Im Folgenden bringen wir eine Pressemitteilung der allgemeinen Studierendenvertretung AStA, der Initiative Friedliche Uni Augsburg und des Sozialistischen Deutschen Studentenbundes (SDS) Augsburg zur Einführung einer Zivilklausel. Die Pressemitteilung vom 8.12.2015 trägt den Titel Keine Rüstungsforschung an der Uni Augsburg – Erste Zivilklausel in Bayern? Anschließend dokumentieren wir den kompletten Antrag, wie er in der Erweiterten Universitätsleitung (EULe) am 16. Dezember gestellt wird.

Keine Rüstungsforschung an der Uni Augsburg – Erste Zivilklausel in Bayern?

Sehr geehrte Damen und Herren,

Anbei eine Pressemitteilung der allgemeinen Studierendenvertretung AStA, der Initiative Friedliche Uni Augsburg und des SDS Augsburg zur Einführung einer Zivilklausel.

Mit friedlichen Grüßen,

Karl Geller für den AStA Uni Augsburg

Pressemitteilung 8.12.2015

Am 16. Dezember entscheidet die Erweiterte Universitätsleitung (EULe) der Uni Augsburg über einen Antrag der Studierenden zur Zivilklausel, der Rüstungsforschung an der Universität einschränken soll.

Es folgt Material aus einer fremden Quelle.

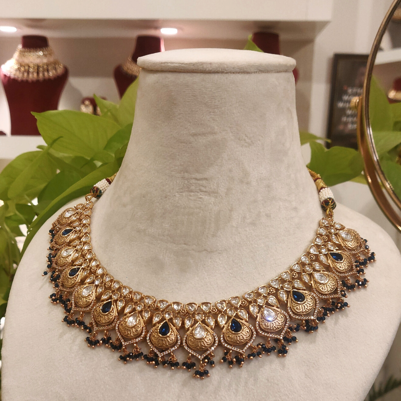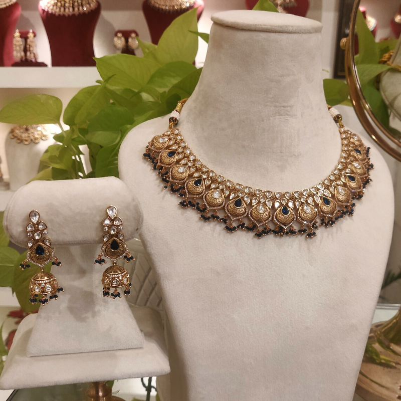 A stylish necklace collection flaunts an exquisite set of Jhumka earrings enamored in Antique gold finish with royal blue stones . The jewelry is further embellished with CZ and Polki stones adorned in 18Kt gold finish. The necklace is intricately handcrafted using blue micro beads, completing the elegant look of the accessory.

Augsburg wäre damit die erste Hochschule in Bayern und 28te Hochschule in Deutschland, die dieses klare Bekenntnis zur zivilen Ausrichtung von Wissenschaft formuliert.

Bereits über 500  Augsburger Studierende und 34 Initiativen aus Universität, Stadtgesellschaft und überregionalen Gruppierungen für Frieden in der Wissenschaft fordern die Universitätsleitung in einem offenen Brief auf, ihrem Leitspruch, „Scientia et Conscientia“ – „Wissenschaft durch Verantwortung“, gerecht zu werden und sich klar gegen Rüstungsforschung zu positionieren.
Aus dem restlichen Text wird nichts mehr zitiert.